• WHAT YOU SHOULD DO:
When you reach the line with "ワクチン前に検便があったのですが、全員朝から快便の為一匹しか取れませんでした。" in the records below, begin transcribing exactly and continue up to and including the line with "Kahramanmaraş'ın Yenişehir Mahallesi'nde", leaving out every picture.

• RECORDS SHOWN:
+++
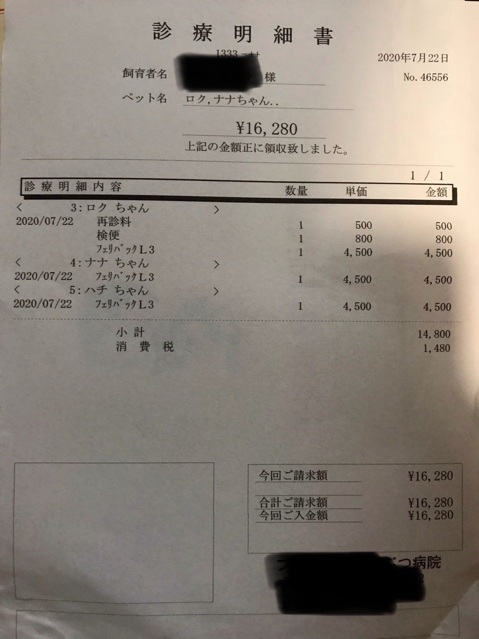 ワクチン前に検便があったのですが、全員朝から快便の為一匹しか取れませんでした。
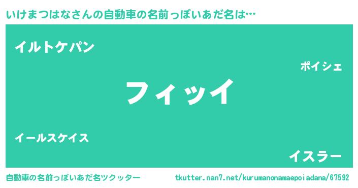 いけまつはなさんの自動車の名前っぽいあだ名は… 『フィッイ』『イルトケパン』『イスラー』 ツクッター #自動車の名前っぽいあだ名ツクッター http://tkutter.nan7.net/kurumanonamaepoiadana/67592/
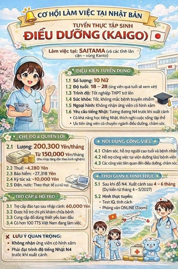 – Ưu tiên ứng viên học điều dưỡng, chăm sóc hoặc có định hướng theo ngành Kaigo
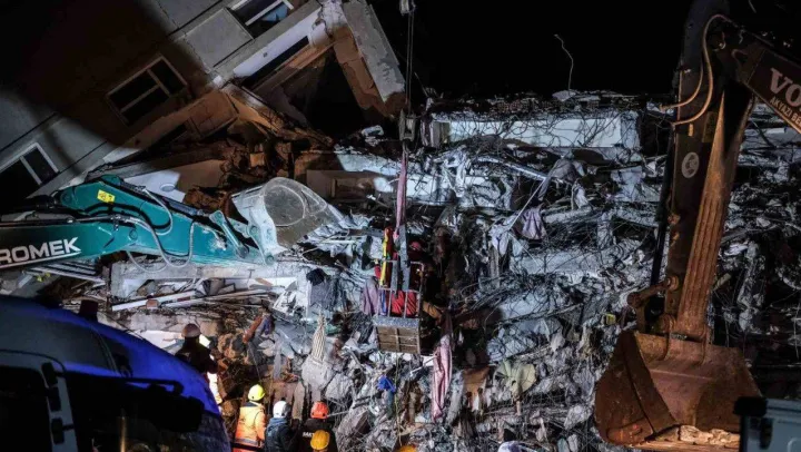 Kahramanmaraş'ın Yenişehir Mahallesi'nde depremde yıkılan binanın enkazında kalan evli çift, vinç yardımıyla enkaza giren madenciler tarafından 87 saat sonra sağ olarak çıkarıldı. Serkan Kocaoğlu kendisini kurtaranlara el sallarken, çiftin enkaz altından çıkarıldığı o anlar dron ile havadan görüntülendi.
+++
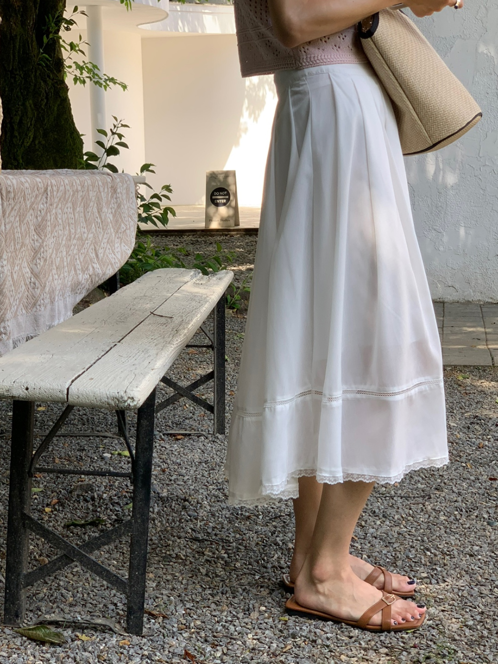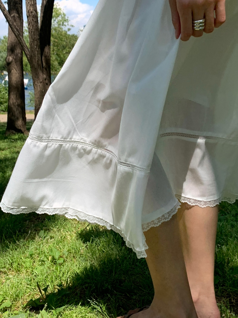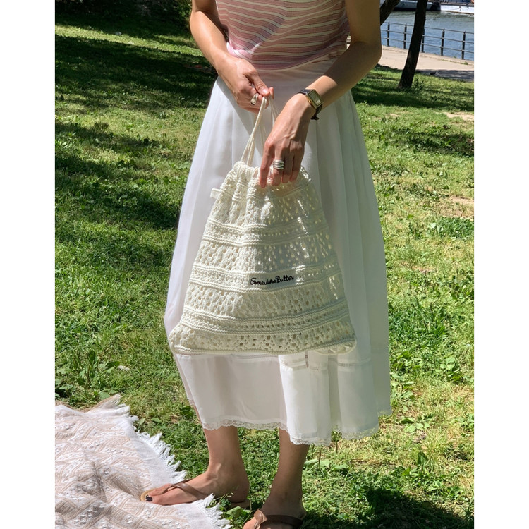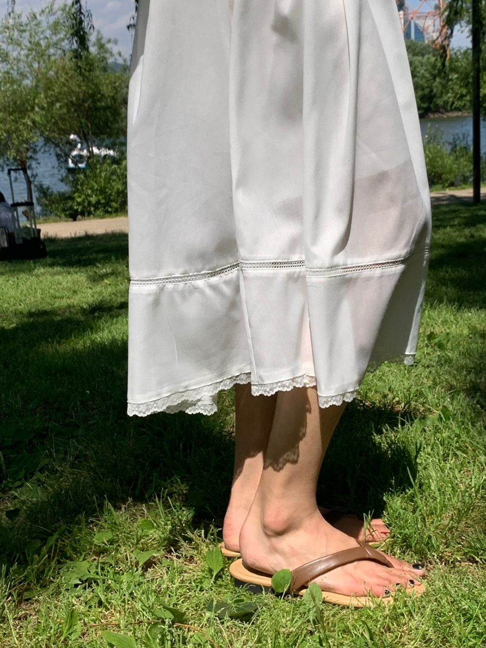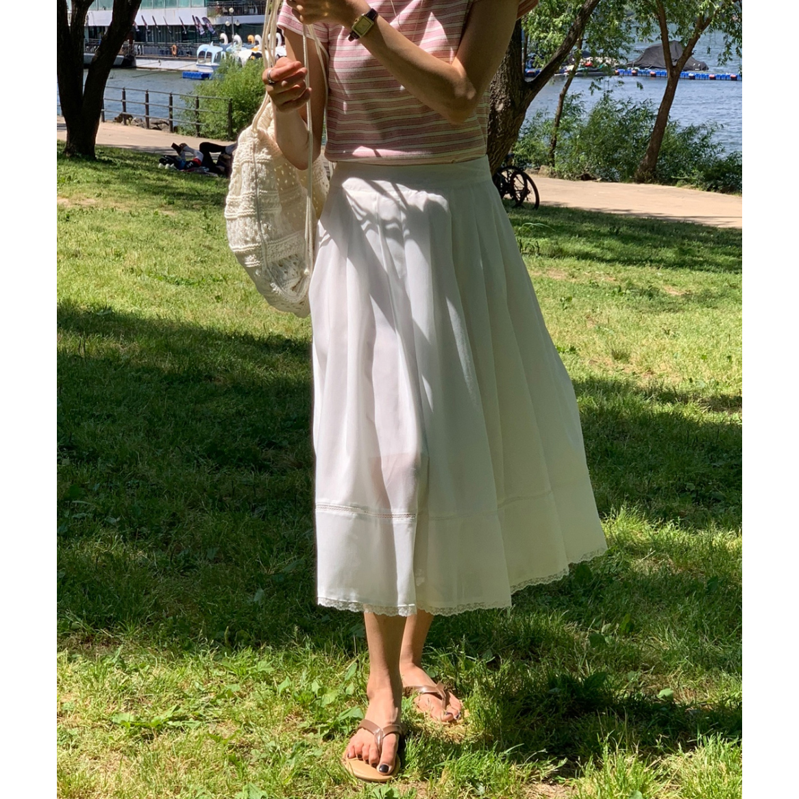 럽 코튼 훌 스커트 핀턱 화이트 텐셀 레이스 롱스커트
+++
• EXERCISE SOLUTION:
 ワクチン前に検便があったのですが、全員朝から快便の為一匹しか取れませんでした。
 いけまつはなさんの自動車の名前っぽいあだ名は… 『フィッイ』『イルトケパン』『イスラー』 ツクッター #自動車の名前っぽいあだ名ツクッター http://tkutter.nan7.net/kurumanonamaepoiadana/67592/
 – Ưu tiên ứng viên học điều dưỡng, chăm sóc hoặc có định hướng theo ngành Kaigo
 Kahramanmaraş'ın Yenişehir Mahallesi'nde depremde yıkılan binanın enkazında kalan evli çift, vinç yardımıyla enkaza giren madenciler tarafından 87 saat sonra sağ olarak çıkarıldı. Serkan Kocaoğlu kendisini kurtaranlara el sallarken, çiftin enkaz altından çıkarıldığı o anlar dron ile havadan görüntülendi.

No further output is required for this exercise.